New microchip biosensors promote the development of therapeutic drugs

Researchers at Stanford have developed a new biosensor microchip that can accelerate the development of therapeutic drugs. These microchips are packaged in highly sensitive ' nanosensors ' for analyzing how proteins bind to another protein, an important step in determining the effectiveness and possible effects of a drug. potential.

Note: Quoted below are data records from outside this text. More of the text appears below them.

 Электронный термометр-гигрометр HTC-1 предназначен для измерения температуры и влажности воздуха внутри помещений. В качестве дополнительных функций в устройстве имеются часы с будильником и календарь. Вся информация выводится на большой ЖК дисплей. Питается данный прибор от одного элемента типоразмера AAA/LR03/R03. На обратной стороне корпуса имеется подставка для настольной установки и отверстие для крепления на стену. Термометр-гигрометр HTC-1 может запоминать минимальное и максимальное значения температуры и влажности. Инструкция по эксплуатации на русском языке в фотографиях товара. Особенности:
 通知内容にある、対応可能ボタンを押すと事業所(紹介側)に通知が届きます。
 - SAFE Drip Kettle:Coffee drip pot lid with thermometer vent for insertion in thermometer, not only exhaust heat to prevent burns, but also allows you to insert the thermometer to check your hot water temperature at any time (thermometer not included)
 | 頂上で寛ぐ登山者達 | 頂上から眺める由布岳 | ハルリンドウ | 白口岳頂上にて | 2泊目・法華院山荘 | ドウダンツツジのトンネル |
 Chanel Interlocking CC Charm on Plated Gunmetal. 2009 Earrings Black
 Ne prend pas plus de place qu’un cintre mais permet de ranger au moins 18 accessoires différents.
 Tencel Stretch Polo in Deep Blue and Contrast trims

A single centimeter-sized array of nanoscale sensors can simultaneously and continuously control the protein binding event thousands of times the current sensors. This new sensor can identify interactions with higher sensitivity and transport reactants much faster than today's 'gold standard ' gold method .

'You can make thousands, even tens of thousands of different proteins of interest on a chip and run protein-binding tests in one go, ' Gs. Shan Wang said.

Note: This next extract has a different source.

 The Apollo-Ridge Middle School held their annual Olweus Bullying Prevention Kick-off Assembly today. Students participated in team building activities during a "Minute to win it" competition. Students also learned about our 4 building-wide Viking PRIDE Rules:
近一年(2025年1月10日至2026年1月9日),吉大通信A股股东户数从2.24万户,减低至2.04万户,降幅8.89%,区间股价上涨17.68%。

' In theory, in one test, you can see the pressure of the drug with every protein in the human body, ' said Dr. Richard Gaster said, and the first author of the study was published in Nature Nanotechnology .

A microchip with an array of nano sensors (orange box).Four target proteins (Y) of drugs with nanotag (brown beads).

The utility of nano sensor arrays lies in two improvements. First, the use of ' nano-attachment - nanotag ' magnetically attached to the test protein - as a drug - increases the responsiveness of the reaction. Secondly, an analytical model that researchers developed allows them to correctly judge the end result of an interaction based on only a small amount of control information. Current control techniques are no more than 4 simultaneous interactions and this process may take hours.

' I think this technique has the potential to revolutionize the way we do biological tests ,' says Professor P.JUtz of Stanford University Medical Center.

Wang Stone's team members developed a magnetic nanoscale sensor a few years ago and explained its sensitivity in many experiments, in which they showed it could identify the biomarker of inter-protein It is related to mouse blood cancer at one-thousandth of the concentration that current techniques can identify. This study was published in Nature Medicine .

The researchers attached nanotag to the research protein. When the nanotag-binding proteins attached to another protein were attached to a nanosensor, magnetic nanotag changed the magnetic field around the nano sensor at a low level but in a different way confirmed by the detector (the device recognizes ).

GS. Gaster said ' we are experimenting with breast cancer drugs. The task of this drug is to attach the target protein to breast cancer cells as closely as possible. But we also want to know: how does that drug bind to unrelated proteins in the body? '

To determine this, researchers will place breast cancer proteins on nano-sensor arrays, along with proteins from the liver, lungs, kidneys, and any type of tissue of interest. They will take drugs that carry magnetic nanotags and see which proteins the drug will attach to - and how well it will bind.

' We can know the extent of drug binding to breast cancer cells and then to other cells in the body's tissues, organs ,' Gs. Gaster said. ' So we can begin to judge the diverse effects of this drug without putting it in the patient's body.'

The sensitivity increased during the identification process along with magnetic nanotags that allowed Gaster and Wang to determine not only when a link formed but also how strong they were.

' Protein speed when attached and released indicates the strength of the link '. That may be an important factor for many pharmaceuticals.

' I was surprised at the sensitivity achieved. These researchers will identify between 10 and 1000 molecules and that is quite surprising to me , 'Gs. Utz said. ' Nano sensor development is based on the same type of sensor found in a computer hard drive, ' Wang said. ' Because our chips are completely based on microelectronics and existing methods, the number of sensors on an area can be stacked up with a slightly higher cost, ' he said.

Although the chips used in the study are described in the journal Nature Nanotechnology there are more than 1000 sensors per square centimeter, GS. Wang says it doesn't matter when placing 10,000 sensors on a similar footprint.

' It can be stacked with more than 100,000 sensors per square centimeter, but still has not reached the limits of technology in the microelectronics industry. We can see a bright future for nano sensor arrays with superior features, like the fundamental technology that makes the current array of nano sensors, 'Gs. Wang shared.